The data —
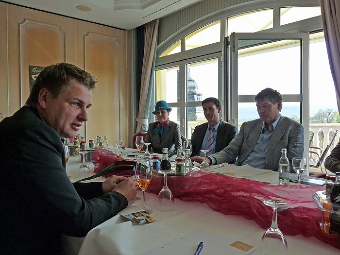 Mit der Benefiz Gourmet Gala am 5. Mai 2011 im Achteckhaus von Schloss Sondershausen beginnt eine neue Veranstaltungsreihe zugunsten regionaler Bauwerke. Das man sich heute im Hotel "Residenz" in Bad Frankenhausen traf, war dabei kein Zufall. Bernd Jurke (2. v. r) und der Geschäftsführer und Sternekoch Ralf Kronmüller (re.) erläuterten mit dem schiefen Turm der Oberkirche, zu wessen Gunsten die diesjährige Gala stattfinden soll. In diesem Jahr wird aus aktuellem Anlass die Oberkirche Bad Frankenhausen mit den Spendenerlösen der Gala bedacht, im nächsten Jahr soll ein Baudenkmal von der Benefiz-Gala profitieren.
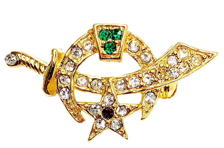 Large rhinestone shrine pin. The pin is gold-tone with various colored rhinestones. Clear rhinestones are located on the sword and crescent with three green rhinestones on the top center of the crescent. The star has clear rhinestones with one red rhinestone in the center. There is a safety back pin for easy wear.
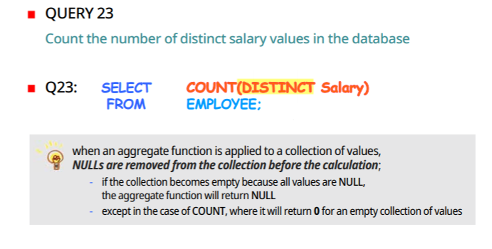 집단함수 적용시 NULL값 처리를 할때 문제가 발생, 집단함수는 값의 collection에 적용되기 때문에 NULL값은 계산시 처음에 아예 제거하고 카운트한다 -집합에 NULL값 뿐이면 NULL값을 돌려준다 -예외, COUNT함수의 경우 개수를 세는 것이기 때문에 0을 돌려준다.

What this task involves —
The reply should contain every line of the material exactly, and no images.

Written reply —
 Mit der Benefiz Gourmet Gala am 5. Mai 2011 im Achteckhaus von Schloss Sondershausen beginnt eine neue Veranstaltungsreihe zugunsten regionaler Bauwerke. Das man sich heute im Hotel "Residenz" in Bad Frankenhausen traf, war dabei kein Zufall. Bernd Jurke (2. v. r) und der Geschäftsführer und Sternekoch Ralf Kronmüller (re.) erläuterten mit dem schiefen Turm der Oberkirche, zu wessen Gunsten die diesjährige Gala stattfinden soll. In diesem Jahr wird aus aktuellem Anlass die Oberkirche Bad Frankenhausen mit den Spendenerlösen der Gala bedacht, im nächsten Jahr soll ein Baudenkmal von der Benefiz-Gala profitieren.
 Large rhinestone shrine pin. The pin is gold-tone with various colored rhinestones. Clear rhinestones are located on the sword and crescent with three green rhinestones on the top center of the crescent. The star has clear rhinestones with one red rhinestone in the center. There is a safety back pin for easy wear.
 집단함수 적용시 NULL값 처리를 할때 문제가 발생, 집단함수는 값의 collection에 적용되기 때문에 NULL값은 계산시 처음에 아예 제거하고 카운트한다 -집합에 NULL값 뿐이면 NULL값을 돌려준다 -예외, COUNT함수의 경우 개수를 세는 것이기 때문에 0을 돌려준다.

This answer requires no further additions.